The implementation follows the existing pattern used by SparkWrite and other
branch-aware operations. The commit manager already had branch support built in,
this change wires it through the action and procedure layers.

Fixes #14813

This commit adds branch support to the rewrite_data_files Spark SQL
procedure, allowing users to rewrite data files on specific branches
instead of only the main branch.

Changes:
- Core: Updated RewriteDataFilesCommitManager to accept and apply branch parameter
- Action: Added toBranch() method to RewriteDataFilesSparkAction
- Procedure: Added branch parameter to all Spark versions (v3.4, v3.5, v4.0, v4.1)

Users can now specify branches in two ways:
1. Via table identifier: CALL system.rewrite_data_files('db.table.branch_myBranch')
2. Via explicit parameter: CALL system.rewrite_data_files(table => 'db.table', branch => 'myBranch')

Fixes apache#14813
@97harsh 97harsh marked this pull request as draft January 5, 2026 09:41
This commit fixes the compilation error by implementing the missing toBranch()
method in RewriteDataFilesSparkAction for Spark versions 3.4, 3.5, and 4.0.

Changes:
- Added toBranch(String targetBranch) method to RewriteDataFilesSparkAction
- Updated commitManager() to pass branch parameter to RewriteDataFilesCommitManager
- Added comprehensive branch tests to TestRewriteDataFilesProcedure (all versions)

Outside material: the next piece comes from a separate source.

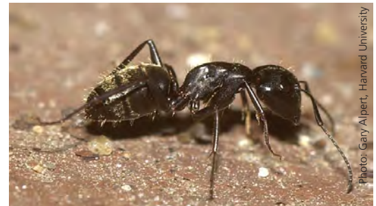
Black Carpenter Ant, Camponotus pennsylvanicus

Carpenter ant workers can be found on the floor, on counters and shelves when foraging for food inside homes. On warm days, winged ants may swarm indoors and can be observed near a window attempting to escape towards the light. Termites also swarm indoors, but can be differentiated from ants because termites tend to lose their wings and leave behind a pile of silvery flakes. Ants also have bent antennae and three distinct body parts, whereas termites have straight antennae and two apparent body parts.
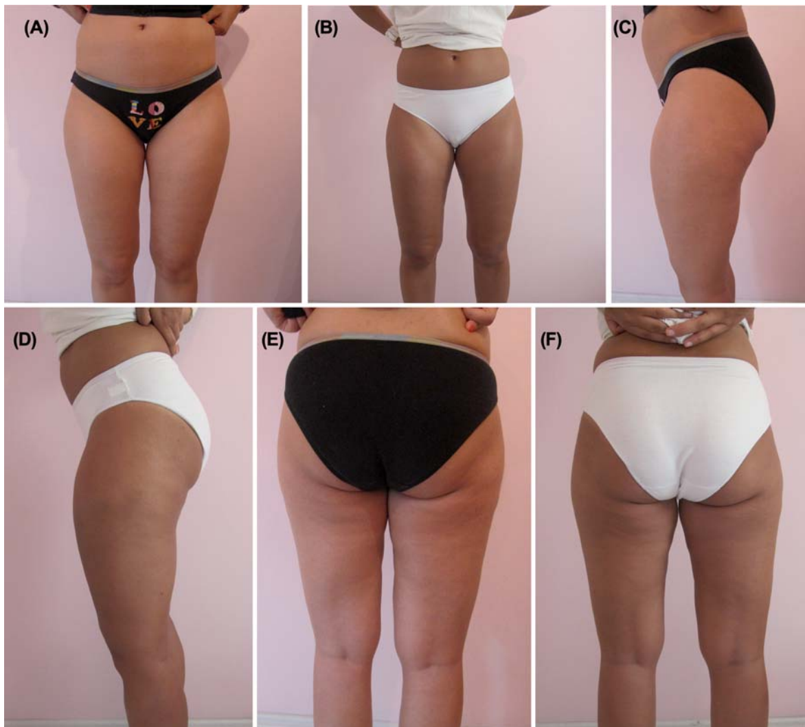
Figure 2. Cellulite improvement and tightening before (A, C, E) and after (B, D, F) photographs of the same patient.

The other differences that distinguished this study from the previous ones were in performing a worldwide accepted cellulite grade and adding another three additional body sites (arm, breast, and subgluteal regions) for body circumference measurements. Thus, the findings of this study supported the conclusions obtained from the reduction in body circumference measurements and improvement in cellulite grading regarding the studies on LPG. Moreover, based on the evidence obtained from the previous studies, except for one patient, we also detected the reduction in body circumference measurements even in 14 (12%) patients who gained weight during the study. Furthermore, this study is considered to be the first to measure BFP in

The implementation follows the same pattern as v4.1 and matches how SparkWrite
handles branches. Integration tests passing: iceberg-delta-lake:check
- Add missing Table import in Spark 3.4 test file
- Fix branch names to use camelCase (testBranch, filteredBranch) to avoid SQL parsing errors
- Ensure files are actually rewritten by inserting multiple small files
- Add min-input-files option to force file compaction
- Remove incorrect snapshot ID ordering assertions
- Add explicit assertions to verify files are rewritten and snapshots change
@97harsh 97harsh marked this pull request as ready for review January 5, 2026 12:06
The previous implementation incorrectly passed null as a 4th parameter in
the 2-arg and 3-arg constructors, which caused them to call the wrong
constructor overload. This resulted in snapshotProperties being null,
leading to a NullPointerException when commitFileGroups() tried to iterate
over properties with forEach().

The issue broke Flink maintenance API tests (TestRewriteDataFiles and
TestFlinkTableSinkCompaction) because the Flink DataFileRewriteCommitter
uses the 2-arg constructor. Files were not being rewritten as expected.

Changes:
- Line 51: Remove null parameter to call 3-arg constructor
- Line 56: Remove null parameter to call 4-arg constructor with Map

This ensures the constructor chain properly passes through existing
constructors without introducing null values, and branch parameter is
correctly passed only through the appropriate constructors.
@97harsh 97harsh marked this pull request as draft January 5, 2026 13:53
When rewrite_data_files was called with a branch parameter, the planner
incorrectly used the main branch's snapshot to scan for files to compact,
while the commit targeted the specified branch. This caused validation
failures when branches diverged.

The fix ensures RewriteDataFilesSparkAction.execute() uses the branch's
snapshot ID when a branch is specified, allowing the planner to correctly
identify and compact files from the branch.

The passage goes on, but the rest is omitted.